### INFORMATION

=== Begin Enclosure ===

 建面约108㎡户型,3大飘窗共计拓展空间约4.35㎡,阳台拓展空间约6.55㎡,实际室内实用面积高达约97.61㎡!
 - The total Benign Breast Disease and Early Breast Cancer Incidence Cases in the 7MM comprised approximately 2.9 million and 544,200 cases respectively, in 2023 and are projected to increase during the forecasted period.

=== End Enclosure ===
=== Begin Enclosure ===

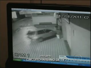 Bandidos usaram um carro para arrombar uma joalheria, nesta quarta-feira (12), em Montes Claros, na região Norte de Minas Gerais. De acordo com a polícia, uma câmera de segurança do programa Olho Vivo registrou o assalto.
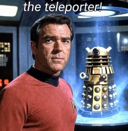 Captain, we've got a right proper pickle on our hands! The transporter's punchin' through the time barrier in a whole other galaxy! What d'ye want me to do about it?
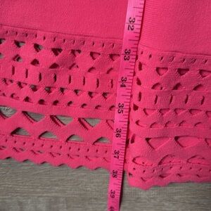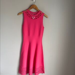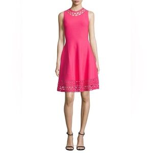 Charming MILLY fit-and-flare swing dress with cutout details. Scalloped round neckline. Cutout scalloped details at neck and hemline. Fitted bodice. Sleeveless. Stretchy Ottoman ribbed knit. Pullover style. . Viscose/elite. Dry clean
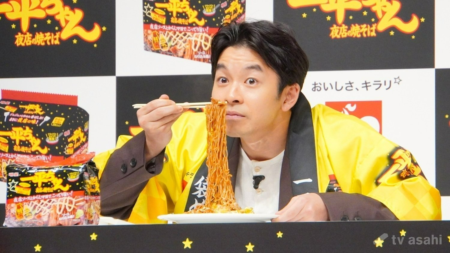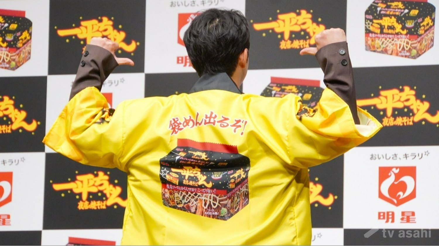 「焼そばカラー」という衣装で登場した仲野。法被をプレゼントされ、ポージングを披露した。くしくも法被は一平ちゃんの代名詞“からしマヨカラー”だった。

=== End Enclosure ===

### EXERCISE DETAILS
Output exactly one stretch of the listing: from the line containing "建面约108㎡户型,3大飘窗" through the line containing "- The total", both end lines included.

### EXERCISE RESULT
 建面约108㎡户型,3大飘窗共计拓展空间约4.35㎡,阳台拓展空间约6.55㎡,实际室内实用面积高达约97.61㎡!
 - The total Benign Breast Disease and Early Breast Cancer Incidence Cases in the 7MM comprised approximately 2.9 million and 544,200 cases respectively, in 2023 and are projected to increase during the forecasted period.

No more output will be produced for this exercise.